I go into the first chat room and have a total déjà vu moment. The first time I was here, I was fourteen. One computer class at school had opened a door for me that I hadn’t known existed. I was fluent in French even then, but this was a language that came even more naturally. It made sense when so many other things didn’t, but in my youth and ignorance, I made a lot of mistakes. I was an anomaly: a girl hacker, and I didn’t know enough to keep that a secret. I left portals open that should’ve been shut tight behind me, and my father caught me hacking into his business files. That’s when I found the chat rooms full of other kids just like me, computer geeks who had a special gift of making complete sense out of what looked like gibberish to most people.
It’s where I first met Tracker.
He’s not going to be here, it’s been so long, but I find myself scanning the names, looking anyway, following threads and getting my sea legs back, so to speak, until I force myself to stop. I am not here to rekindle old relationships. I am here to get help.
This is the thing that he doesn’t know. I didn’t do it alone.
I glance out the window and see him walking toward the cafe. Quickly, I shut down the laptop and shove it into the backpack. When he comes in, I am waiting in line for another coffee.
‘You’ve got an early start,’ he says.
‘Thought I’d get a coffee first. Do you want one?’ The barista raises her eyebrows at us, and he orders two lattes to go.
‘I’m not sure a coffee shop is a good idea,’ he explains. ‘Wireless has no boundaries, and you’re right. Maybe we shouldn’t be seen too much together. Let’s go to my room.’
The implication is intimacy, but I know better. We pay for our coffees and head outside.
‘I’ve got my bike.’ I indicate it, locked up outside.

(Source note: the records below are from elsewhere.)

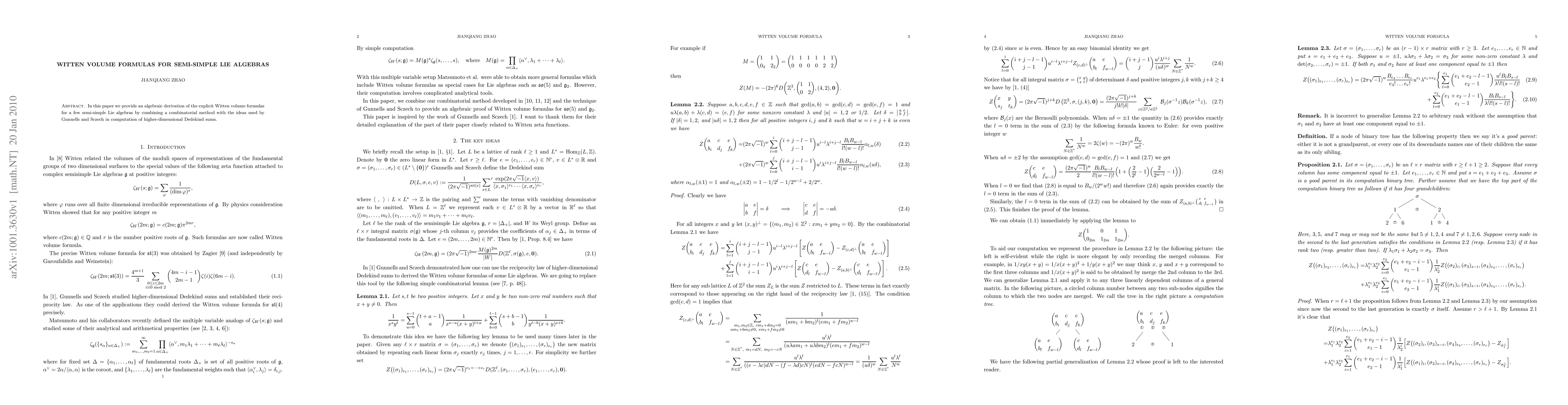 Researchers develop algebraic formulas to calculate Witten volume for specific Lie algebras, combining combinatorial methods with existing work on Dedekind sums.
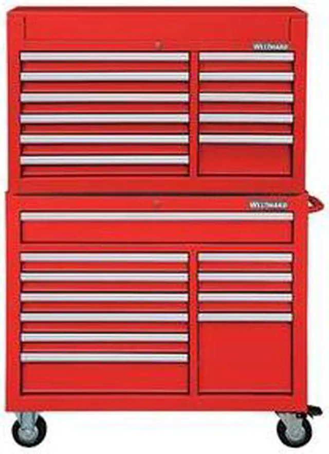 The Westward 7CX91 42"W Tool Chest and Cabinet Combination is a complete storage solution for your tools. The chest features 22 drawers with gas lift lids, while the cabinet provides an additional 60-1/2"H of storage space. The tool chest combo comes with aluminum drawer pulls that will resist corrosion. It has a powder coated finish that protects against scratches and rust. This tool chest has a 20 gauge body and 18 gauge drawers. Designed to be durable, this product is made of thermoplastic rubber caster wheels. Equip yourself with the Westward 42"W Tool Chest and Cabinet Combination so you can get your next project done in no time.
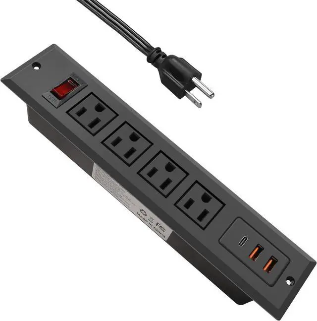 [Recessed Power Strip]--Built into the desk, cabinet, couch not only improve the space utilization but also make the desktop clean, no more extra messy power cord.
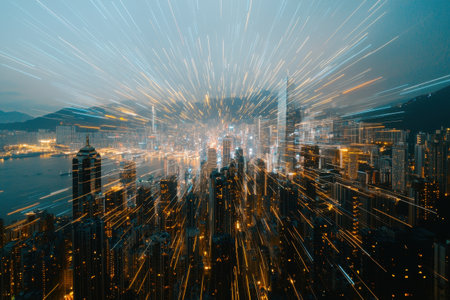 cityscape with rays of light, expressing the fast life in the city generative ai

‘Meet me there,’ he says, already crossing the street, both of our coffees in his hands, and I unlock my bike, riding behind him, the backpack slapping against my back.

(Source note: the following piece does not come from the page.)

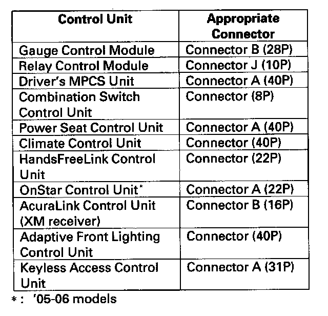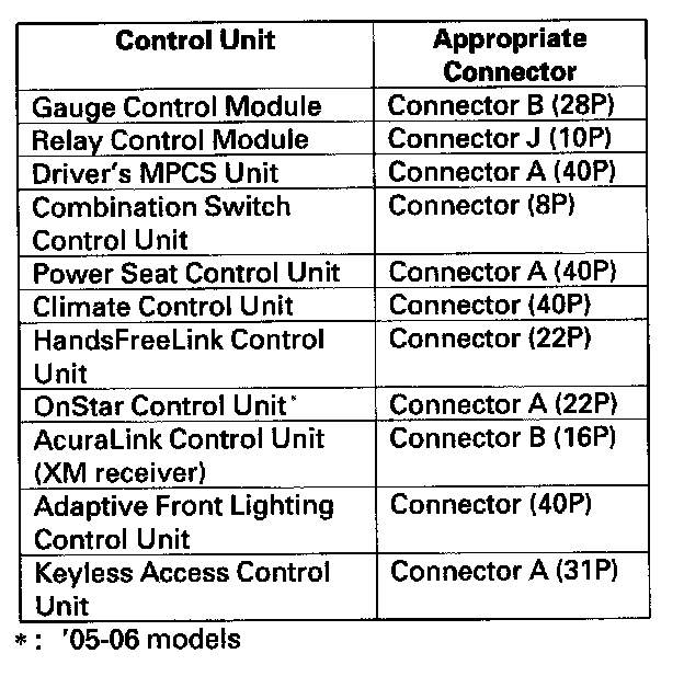 6. Disconnect the appropriate connector at each control unit in the table one at a time. Clear the DTC and wait for 6 seconds, then recheck for DTCs after each unit is disconnected.

When we get to the Blue Dory Inn, instead of going into the main building, he veers to the right, toward an outbuilding. He pushes the door open and waits for me as I lean my bike against the building just outside his door. There is no place to lock it up, but it’s so close by it shouldn’t be a problem. I hope.
‘Nice room,’ I say as I step inside and he closes the door behind me. It is a nice room, cozy with a queen-sized bed covered with an old-fashioned patchwork quilt and small throw pillows, the windows covered with lace curtains like the ones I have in my house. I drop the backpack on the bed and peer out the window at the water shimmering under the late morning sun.

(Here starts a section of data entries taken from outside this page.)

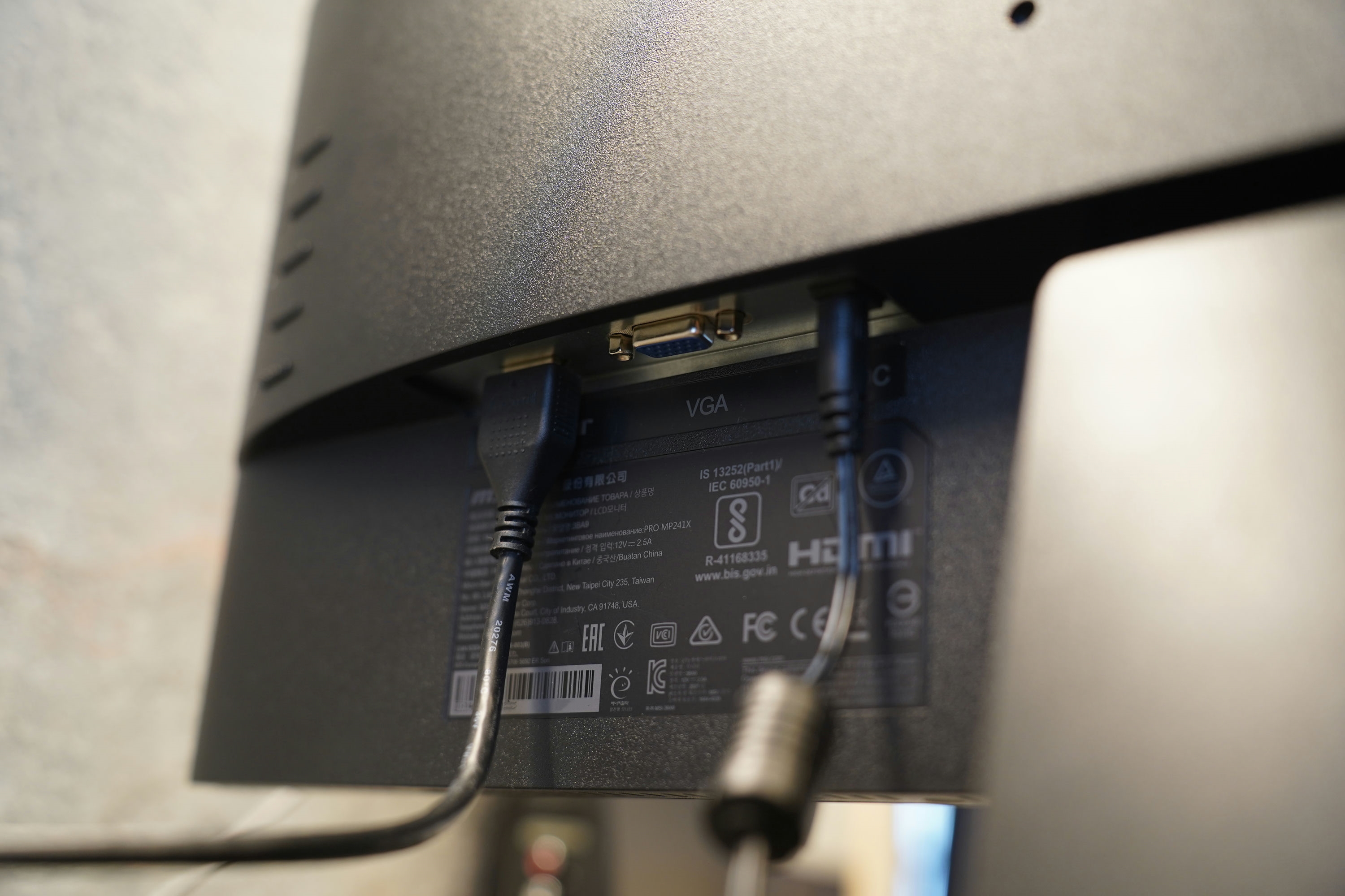 MSI PRO MP241X的連結埠提供VGA與HDMI各一個,可以針對新、舊款的電腦進行連結,最後把電源線接上去DC的位子就能準備開始使用。
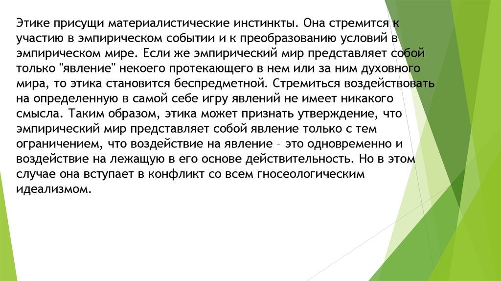 Этике присущи материалистические инстинкты. Она стремится кучастию в эмпирическом событии и к преобразованию условий в
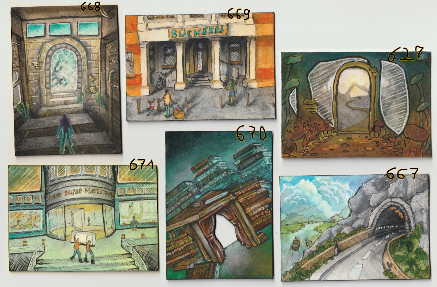 Sehr coole WIPs schon, bin super gespannt auf die fertigen Karten! Falltür als Eingang ist auch interessant, daran hab ich gar nicht gedacht xD Vom Motiv her ist der Fokus schon sehr auf dem Charakter, aber für die “Szene” ist die Falltür verantwortlich, also wäre das noch OK

‘You called me Tina,’ I say quietly.
His eyes grow wide. ‘I did not.’
‘Yes, you did. When you came out of the bathroom looking for the razor.’
‘What did you tell him?’
‘I said I didn’t hear you say anything. He thinks you don’t know my name.’
‘He lost some respect for you, didn’t he?’ His tone is kind. ‘I know you’ve made friends here, but I wouldn’t be here if it weren’t important.’
‘I know.’ But as I say it, I wonder, do I?
I am sitting on the edge of the bed, and I reach across it to pull the laptop out of the backpack, but he puts his hand out, takes it from me. He stands in front of me, placing the laptop on the dresser. Gently, he pushes me back and leans over me. ‘I’m sorry,’ he says softly. I put my hand on his neck and feel his pulse quicken, and he smiles at me. I remember how it was, in the beginning, when my heart raced every time I saw him. I see it in his eyes now, the way he used to love me, and I let him kiss me.
The lesson starts two hours later. We make a feeble attempt to discuss how we can’t keep our hands off each other; we try to laugh about it. But there is an undercurrent of desperation, as if each time we think it will be the last. As if it is a second chance we must cling to before it’s over again.